C’est une facette très importante de tous mes films. Le travail sonore est la partie que je maîtrise le moins et le moment où je suis le plus spectateur. La coproduction franco-québécoise s’est notamment faite pour ça, car je voulais travailler avec l’équipe sonore de Denis Villeneuve. Je voulais aussi travailler avec Sylvain Bellemare qui est le monteur son et le mixeur du film. Il a une approche du son extrêmement musicale. Je voulais que le film soit découpé en trois parties. La première devait être une exposition instaurant une ambiance sourde. Puis, une partie beaucoup plus influencée par les thrillers des années 1990, avec une grande présence de synthé. Et enfin une dernière partie qui était destinée à épouser le point de vue de Stéphane. C’était la première fois que je pouvais travailler avec un orchestre et je pense que c’est une des plus grosses émotions que j’ai eues en tant que réalisateur.


 Vous avez déclaré «Le cinéma de genre n’est plus un gros mot», quelle est d’après vous la situation actuelle de ce type de cinéma?

 

En France comme aux États-Unis, c’est ce cinéma qui remplit les salles en ce moment. C’est très intéressant, parce que ce sont des films qui drainent un public unique, très jeune.
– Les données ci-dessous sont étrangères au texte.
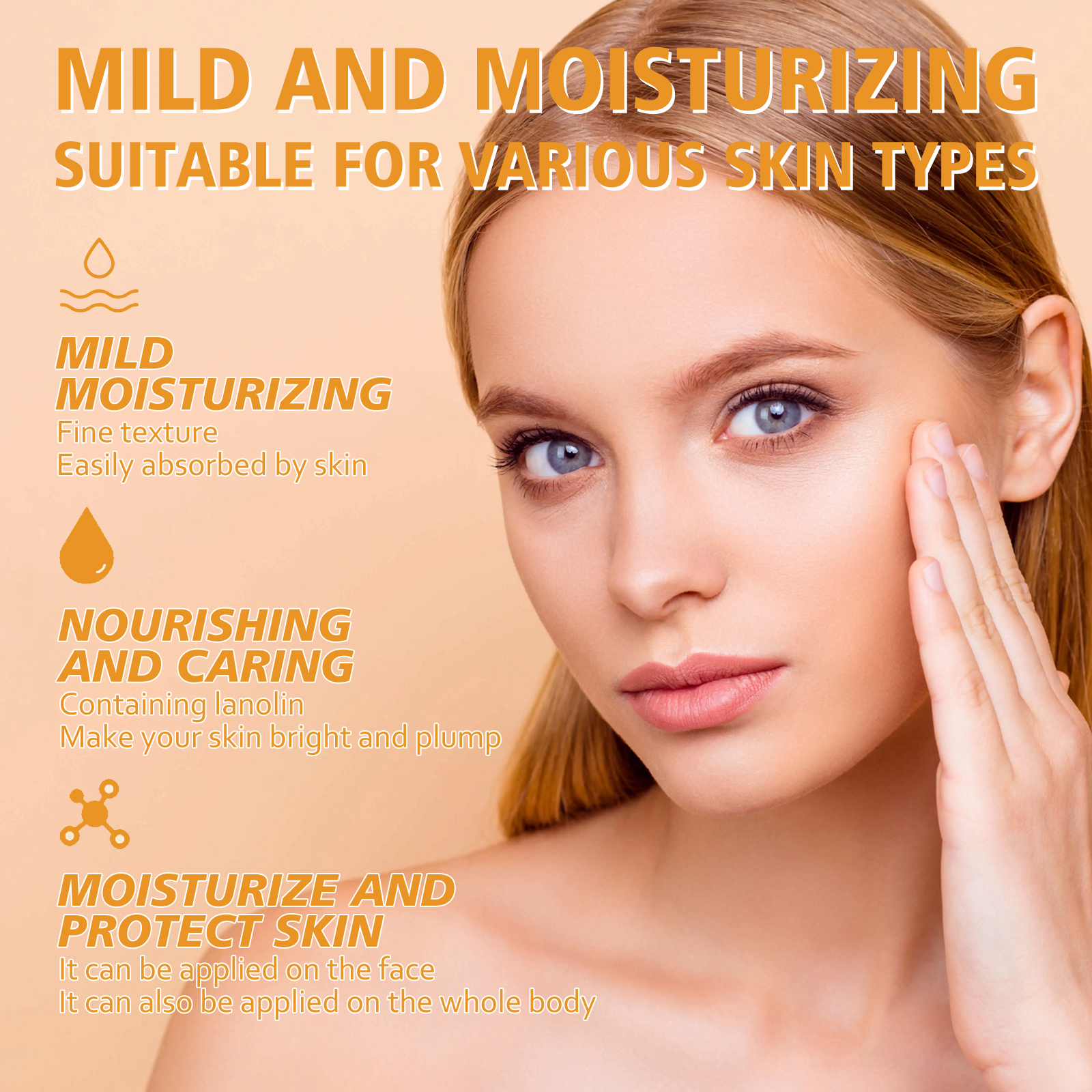 Our sheep moisturizer contains vitamin E, lanolin and glycerin. It rehydrates the skin, deeply nourishes the skin, brightens the complexion, improves skin elasticity, helps reduce the appearance of dullness and wrinkles, and prevents signs of skin aging. Its application method is very simple: first, after cleansing and toning, apply appropriate amount of this product evenly on the face, then gently massage the skin from inside to outside, from bottom to top, and finally gently apply along the skin texture, extending to the neck, slowly massage without washing. After use, it helps to tighten the skin, lighten the skin, replenish the skin collagen, and make the skin brighter and full of luster.
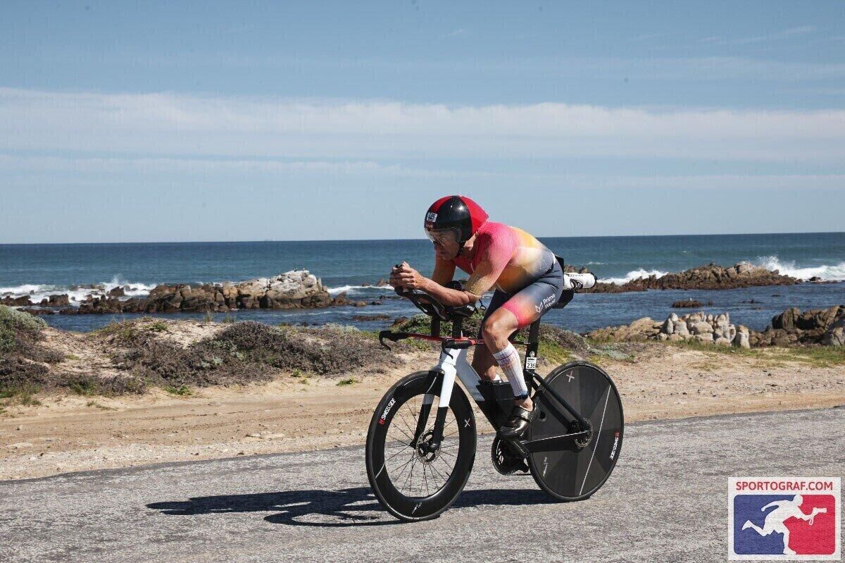 Auf der Radstrecke entwickelte sich anschließend ein kontrolliertes Rennen. Nach rund 100 Kilometern übernahm er die Führung in seiner Altersklasse und baute diesen Vorsprung mit einer konstant starken Leistung weiter aus. Nach 4:55:01 Stunden auf dem Rad ging er als Spitzenreiter auf die Laufstrecke.
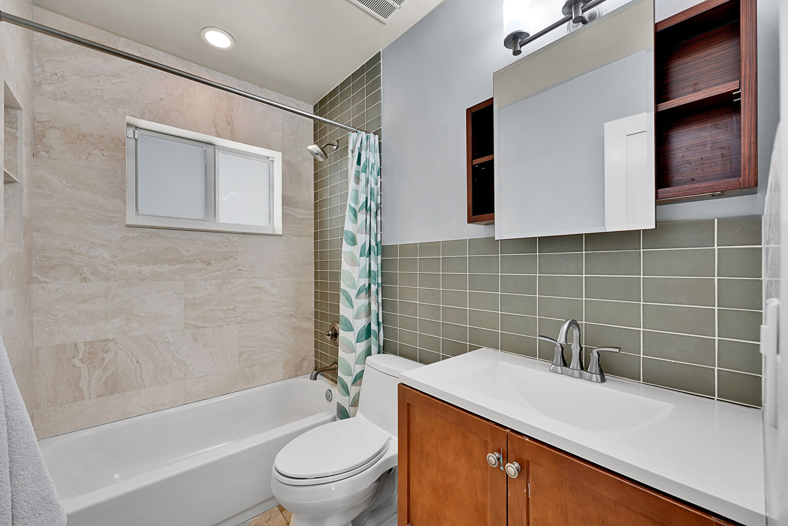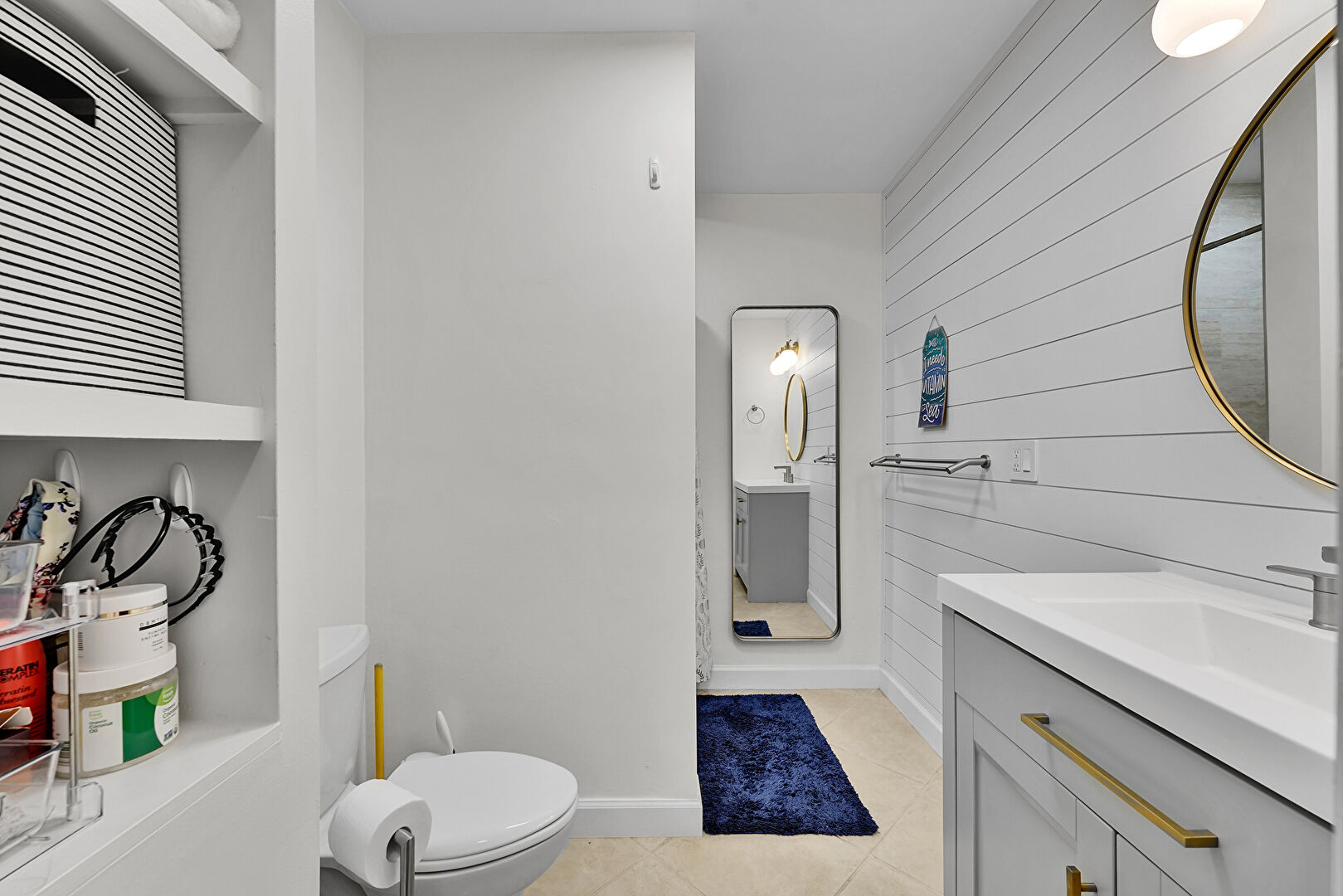 Baseboards Wall, Closet, Combined Bath Shower, Drywall, Full Bathroom, Natural Light, Recessed Lighting, Tile Floor, Tile Wall, Vanity, Vent, Wood Wall, Baseboards Wall, Drywall, Natural Light, Tile Floor, Tile Wall
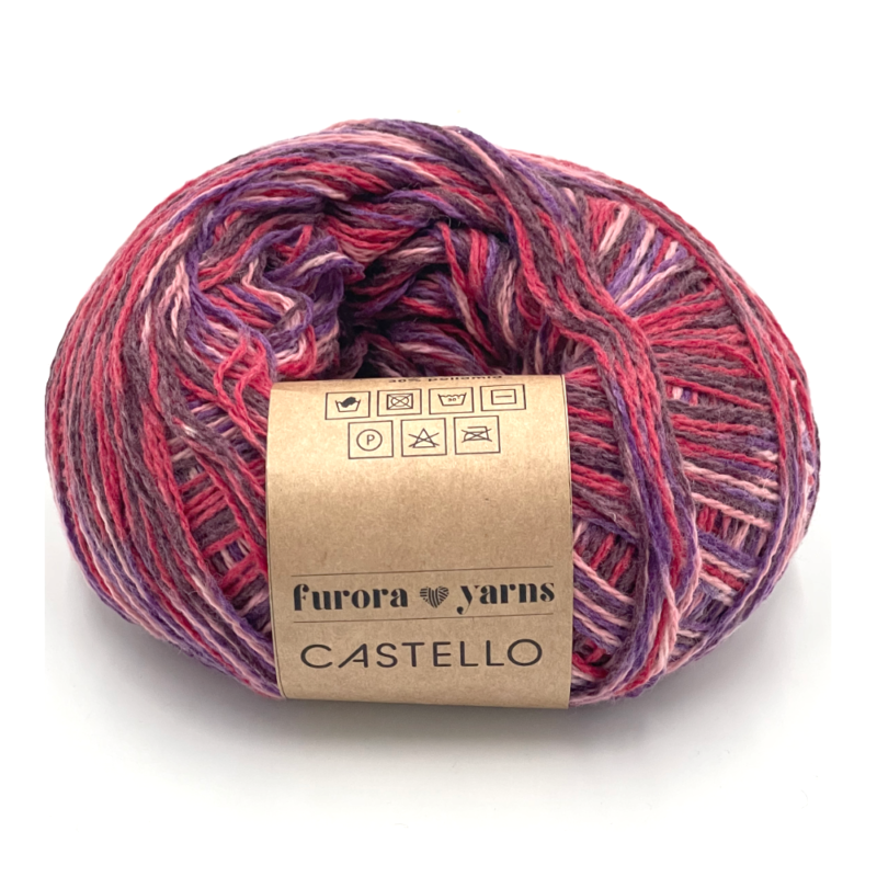 Castello to wełniana mięciutka włóczka z naszej kolekcji sezonowej z dodatkiem poliamidu. Doskonała na wyroby skarpetkowe, ale nie tylko. Wystarczy dodać cieni moherek, aby powstały bajeczne połączenia. W motku 100g znajduje sie 450m – na druty 2-3mm. Na sweter w rozmiarze M wystarczy 3-4 motki, na parę skarpetek 1 motek. Po praniu włóczka nabiera objętości i lekkości. Skład: 70% wełna, 30% poliamid.
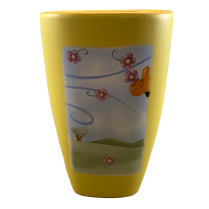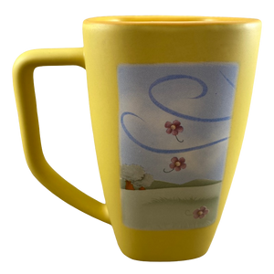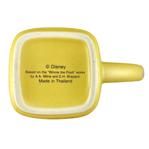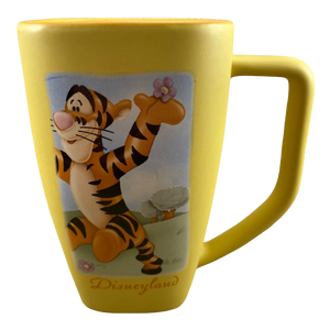 This is a square mug that features an image on the front surface of Tigger holding a purple flower.
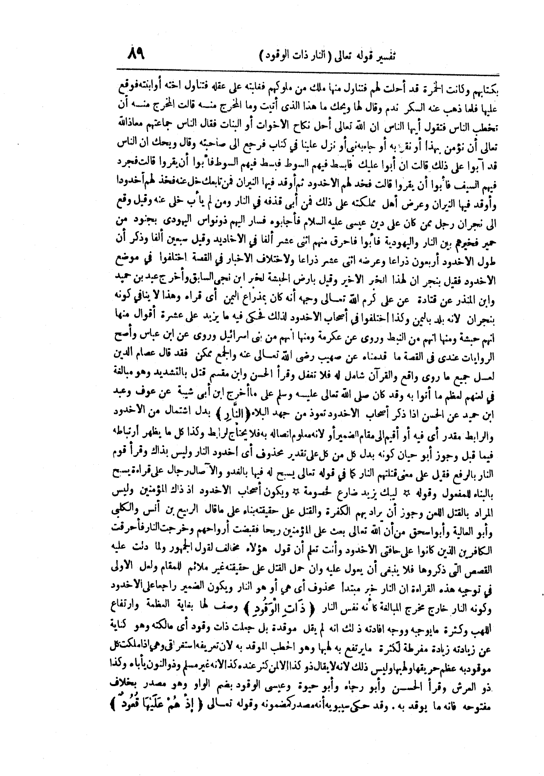 ويكون أصحاب الأخدود إذ ذاك المؤمنين وليس المراد بالقتل اللعن وجوز أن يراد بهم الكفرة والقتل على حقيقته بناء على ما قال الربيع بن أنس والكلبي وأبو العالية وأبو إسحاق من أن الله تعالى بعث على المؤمنين ريحا فقبضت أرواحهم وخرجت النار فأحرقت الكافرين الذين كانوا على حافتي الأخدود وأن تتعلم أن قول هؤلاء مخالف لقول الجمهور ولما دلت عليه القصص التي ذكروها فلا ينبغي أن يعول عليه وإن حمل على حقيقته غير ملائم للمقام ولعل الأولى في توجيه هذه القراءة إن النار مبتدأ محذوف أي هي أو هو النار ويكون الضمير راجعا على الأخدود وكونه النار خارج مخرج المبالغة كأنه نفس النار ذات الوقود وصف لها بعناية العظمة وارتفاع اللهب وكثرة ما يوجبه ووجه إفادته ذلك أنه لم يقل بل موقدة جعلت ذات وقود أي مالكته وهو كناية عن زيادته زيادة مفرطة لكثرة ما يرتفع به لهبها وهو الحطب الموقد به لأن تعريفه استغراقي وهي إذا ملكت كل موقود به عظم حريقها ولهبها وليسذلك لأنه لا يقال ذو كذا إلا لمن كثر عنده كذا لأنه غير مسلم وذو النون وكذا ذو العرش وقرأ الحسن وأبو رجاء وأبو حيوة وعيسى الوقود بضم الواو وهو مصدر بخلاف مفتوحه فإنه ما يوقد به وقد حكى سيبويه أنه مصدر كمضمونه وقوله تعالى إذ هم عليها قعود

Même avant la crise sanitaire, je pensais que c’est par le genre qu’on allait faire revenir le jeune public en salles. C’est un vrai défi parce que le public est très âgé et on perd tous les jeunes. Il faut qu’on leur redonne envie de voir des films et je trouve que c’est intéressant de se poser la question de ce que doit être un film de genre francophone. Il y a eu plein d’exemples par le passé, Franju si on remonte à très loin, ou même Chabrol. Je pense que c’est intéressant de voir comment ce dernier a été réévalué depuis une dizaine d’années, alors qu’avant c’était un peu le vilain petit canard de la Nouvelle Vague. Dans tous les cas, la question du genre est beaucoup plus transversale aujourd’hui qu’avant.